In August 1985 the BBC discovered that ITV’s big Christmas Day hope was a feature length episode of its hit drama Minder called Minder On The Orient Express.

Michael Grade moved quickly and revealed that he would be putting the Only Fools and Horses special To Hull and Back in direct competition to the Minder special and the press began billing it as a Minder versus Del Boy clash.

Of course, this all took place back in the days before most households had video recorders and PVRs were many years away. In the Daily Mirror Tony Purnell pointed out that it would be viewers who’d suffer and quoted an unnamed BBC source as saying that: “It’s another case of the viewer losing out yet again.”

“Millions of fans will be forced on Christmas night to choose between loveable London rogues George Cole and Dennis Waterman and equally loveable London rogues David Jason and Nicholas Lyndhurst,” Purnell wrote.

The Daily Express said it presented an “agonising choice” for viewers and called on both the BBC and ITV to repeat the shows early in the New Year to give viewers a chance to see the one they missed.

The paper decided that Michael Grade’s move was connected to the BBC’s loss of its popular American drama Dallas to ITV company Thames, which made Minder, and it said he was still smarting at its loss. It quoted Grade as saying: “We are in direct competition with ITV. That’s the way it is and always will be.”

In early December even David Jason joined in the friendly rivalry when asked who would pull in more viewers. “It’s got to be us, innit,” he was quoted as telling the Daily Mirror. “We will be funnier and better… no doubt about that my son. I will put my feet up with the rest of the country. Poor Arfur will have to make do with Minder, along with his three regular fans.”

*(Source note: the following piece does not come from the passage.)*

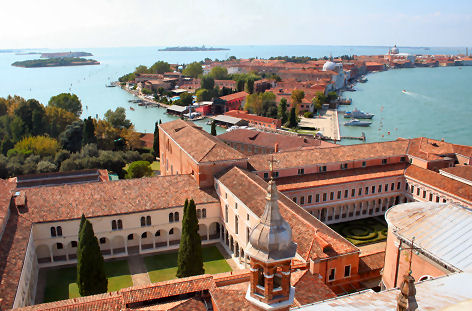 Saturday 20th I thought that I deserved a bit more sleep, so I had set my alarm for 8.30. But even through the earplugs I was awakened by knocking on my door soon after 8. I ignored it thinking it was a mistake. Then there was more. I got up and answered the forth lot. A different young guy at the door tells me my breakfast is now cold and he will warm it up. When he returns (the kitchenish area is right next to my room) I tell him I thought he was supposed to bring it when I ring and say I'm ready, he says he understands the contrary. The toast is cold and the coffee tepid. I question all of this with Mr Grumpy on the desk later in the day and he says I'm down for breakfast at 8.20. No-one had told me this, I say. The 's' word still doesn't pass his lips. But the sky is blue, the sun is out, and I'm off boating. I buy a vaporetto pass for 48 hours and head from Piazzale Roma around the back, as it were, to the Zattere and over to Giudecca. My first church is Santa Eufemia which has a surprising interior of an old shell bellow, with old columns, contrasting with the flouncy rococo decoration above - all white, pale green and gilding. This effect is accentuated by the plaster on the lower part of the walls having mostly been chipped away to reveal the rough brickwork. The paintings around the chancel are uninspiring works by some followers of Veronese. The art highlight is Saint Roch and the Angel by Vivarini (which was the central panel of a triptych, the info in the church tells us) with a lunette above of The Virgin and Child. This sheet of facts also tells us that The Birth of Christ and The Adoration of the Magi by Marieschi are 'no longer in place' and that the ceiling panels are by G. B. Canal a follower of Tiepolo. There's also a Morleiter statue of the Pieta, where the body of Christ rests on a rock rather than in the usual maternal lap. The Doric portico which faces onto the Giudecca Canal was recently restored, but still looks very grubby. I then walk around photographing closed churches and stroking a fluffy and orangey tabby cat who was appreciative but also busy chewing grass, so I thought I'd leave him to it. I went and looked wistfully at the ever-locked gate of The Garden of Eden, my page devoted to which is one of my top correspondence-generators. One day we'll get to see inside, I am uncertain of that. I might have gone into the church of the Redentore, but there was a swish wedding on, one of the drawbacks of Saturday church visiting, I suppose. So I caught a vap to San Giorgio Maggiore instead. The interior is stony and monumental, with white walls and thick clusters of supporting columns and pilasters. On the right as you enter is an Adoration of the Shepherds by Jacopo da Bassano, an atmospheric night time scene that benefits greatly from a .50 euro coin in the light. Opposite it is an odd Martyrdom of Saint Lucy by Leandro de Bassano, one of his four painting sons, which depicts strong men and oxen trying to move the saint with ropes. I went up the campanile too - 3 euros and there's a lift - for some stunning views over Venice, and into the nearby cloisters (left). A no.2 vaporetto came along, going back through the Giudecca canal and around to the bus station and along the Grand Canal. So I got on, got a seat right at the front, and had a good long ride in the sunshine, all the way to San Marco. Opposite the Peggy Guggenheim, in the garden of a swanky hotel, there were crowds of well-dressed guests, maybe from the wedding I'd seen earlier, with so many police at the water gate and in boats that the man sitting behind me said 'Look, that building must be the police station - nice!' I walked back from San Marco to the Accademia Bridge, noticing that there was confetti outside San Moise too. Imagine getting married in San Moise! I suppose it being such an ugly church means that your guests can't help but look good. I bought a slice of pizza at a fave joint by Campo San Vio, and took it to sit on my favourite bench on the campo looking over the Grand Canal at my favourite stretch of palazzi opposite. Sigh. A man came and joined me on my bench, with his own slice of pizza, and fed the same sparrows, pigeon and seagulls that I'd just been feeding. But then, of course, he lit up a cigarette. I headed back to my hotel west along the Zattere and then up. On the way I picked up a very superior pear and stracciatella ice cream from Nico. But I forgot to get a cake! |

George Cole, who played wheeler-dealer Arthur Daley in Minder hit back: “There is already talk of an ITV blackout. Obviously Del Boy is behind it because he’s so worried.”

Away from the joking, the two actors (pictured above together in 1987) clearly felt sad that the viewers would have to choose which to watch with David Jason saying that TV bosses who engineered the clash are “buggers, aren’t they? It’s bound to cause rows in families up and down the country. There is nothing we can do about it, I guess.” George Cole said: “It’s a shame. We must have a similar following and not everyone has got a video to record one of them for later viewing. Millions of fans will be disappointed.”

Nevertheless the viewers made their choice and the BBC gave ITV a thorough pasting in the ratings with 16.9 million tuning in to watch Only Fools and Horses compared to a few million less for Minder.

  • David Jason and George ColeDavid Jason and George Cole appeared together in the ITV series Diamond Geezer in 2007. At the time George said: “It was very good to work with David Jason. He’s a fantastic man.”



  • Lennard Pearce, who played Grandad in Only Fools and Horses, once appeared in Minder.  You can see him here  (and earlier in the episode).

  • In 2009 the Only Fools and Horses theme music (written and sung by John Sullivan) was voted the greatest television theme music ever – beating Minder’s I Could Be So Good For You, sung by Dennis Waterman.


© Steve Clark 2015 All Rights Reserved

(The obligatory plug for my official Only Fools book!)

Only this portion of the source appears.